Data shown:
⁂

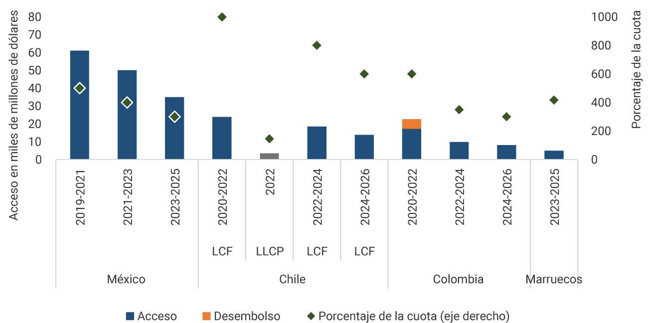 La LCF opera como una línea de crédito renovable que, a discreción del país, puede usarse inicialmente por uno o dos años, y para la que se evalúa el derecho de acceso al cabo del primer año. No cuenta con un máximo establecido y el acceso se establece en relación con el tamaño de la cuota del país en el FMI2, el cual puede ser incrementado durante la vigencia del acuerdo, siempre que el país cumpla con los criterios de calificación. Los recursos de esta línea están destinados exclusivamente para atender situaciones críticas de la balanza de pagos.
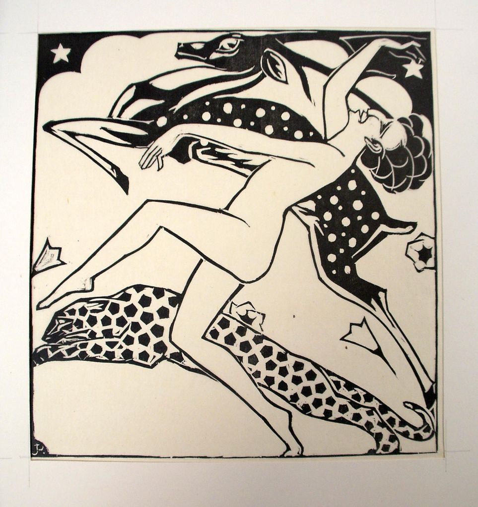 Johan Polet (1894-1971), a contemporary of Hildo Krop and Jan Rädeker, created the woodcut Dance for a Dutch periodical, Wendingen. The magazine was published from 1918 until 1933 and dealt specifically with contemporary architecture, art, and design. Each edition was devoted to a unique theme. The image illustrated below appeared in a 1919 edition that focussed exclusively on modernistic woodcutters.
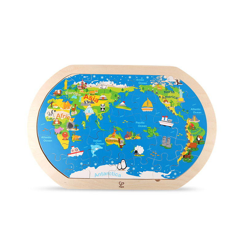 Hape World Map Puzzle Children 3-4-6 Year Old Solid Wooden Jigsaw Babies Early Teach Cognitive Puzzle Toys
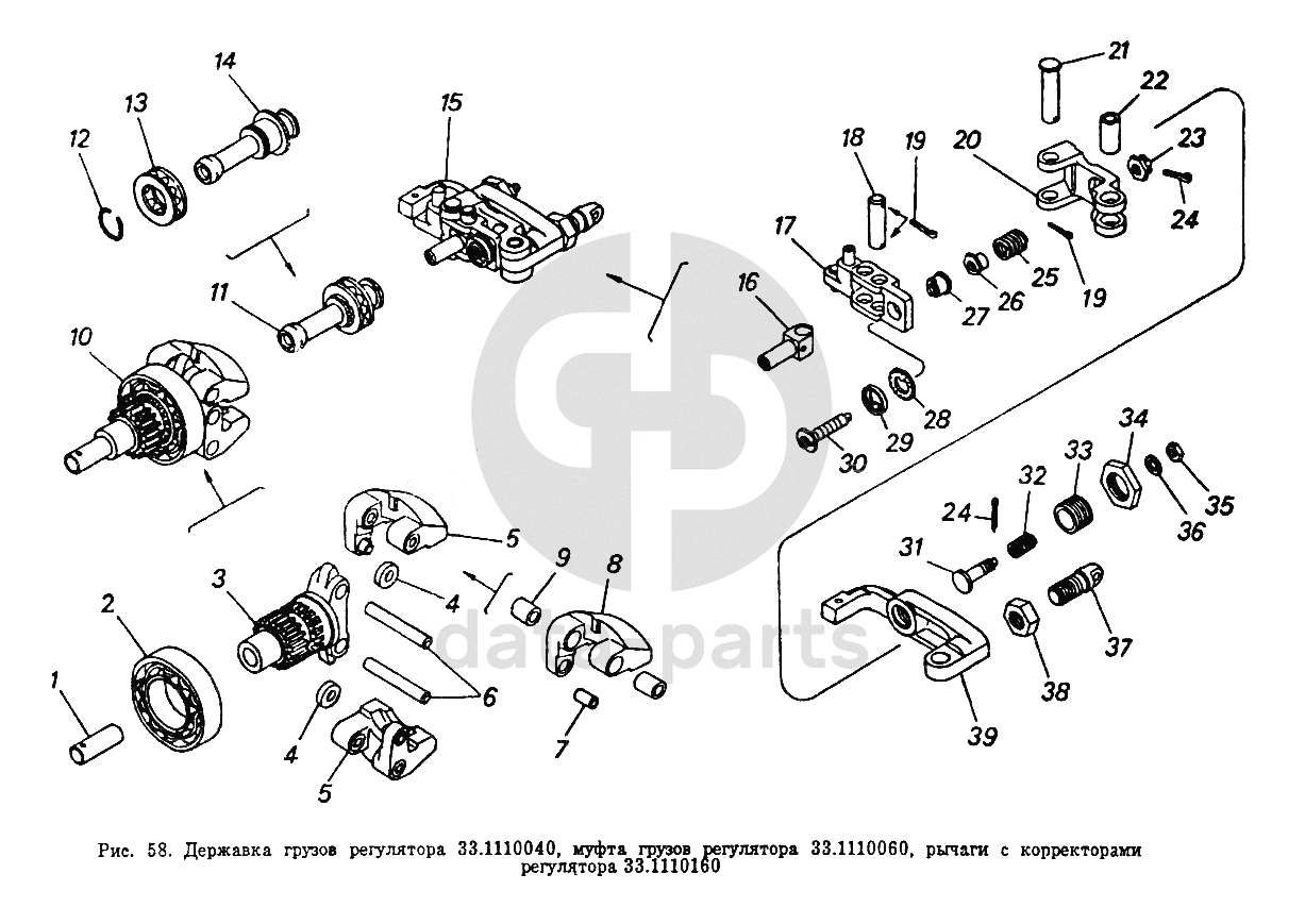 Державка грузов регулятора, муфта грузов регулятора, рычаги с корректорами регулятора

⁂

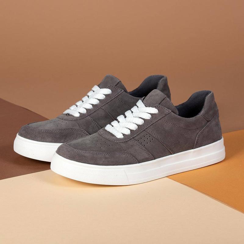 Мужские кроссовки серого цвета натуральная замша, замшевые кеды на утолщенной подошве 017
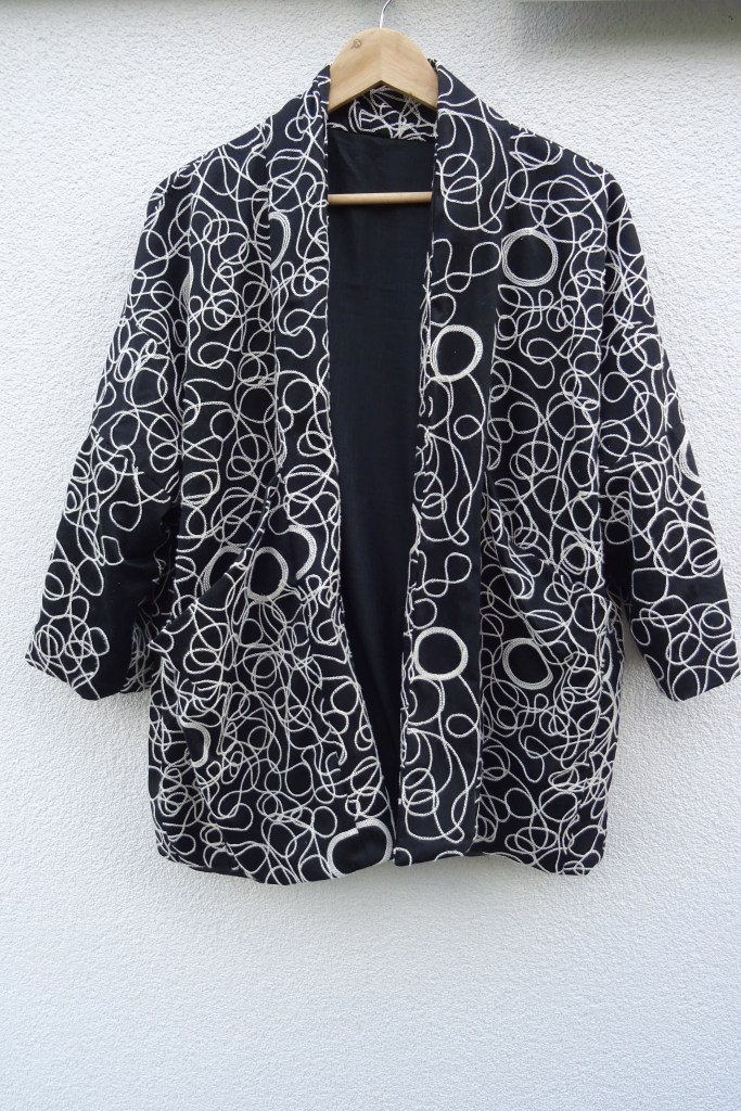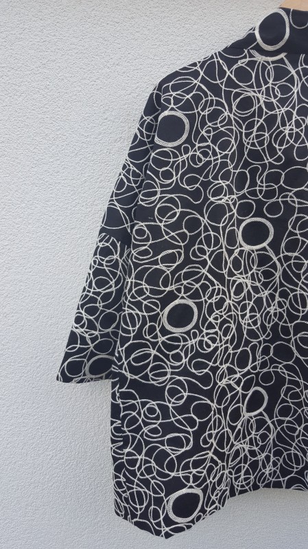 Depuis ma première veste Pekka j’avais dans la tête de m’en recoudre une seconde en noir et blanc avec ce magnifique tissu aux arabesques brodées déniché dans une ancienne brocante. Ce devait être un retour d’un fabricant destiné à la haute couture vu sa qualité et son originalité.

⁂

Work to complete: Pictures in the material above should be skipped; print exactly the lines from the one with "Мужские кроссовки серого" through the one with "Depuis ma première".

Finished exercise:
 Мужские кроссовки серого цвета натуральная замша, замшевые кеды на утолщенной подошве 017
 Depuis ma première veste Pekka j’avais dans la tête de m’en recoudre une seconde en noir et blanc avec ce magnifique tissu aux arabesques brodées déniché dans une ancienne brocante. Ce devait être un retour d’un fabricant destiné à la haute couture vu sa qualité et son originalité.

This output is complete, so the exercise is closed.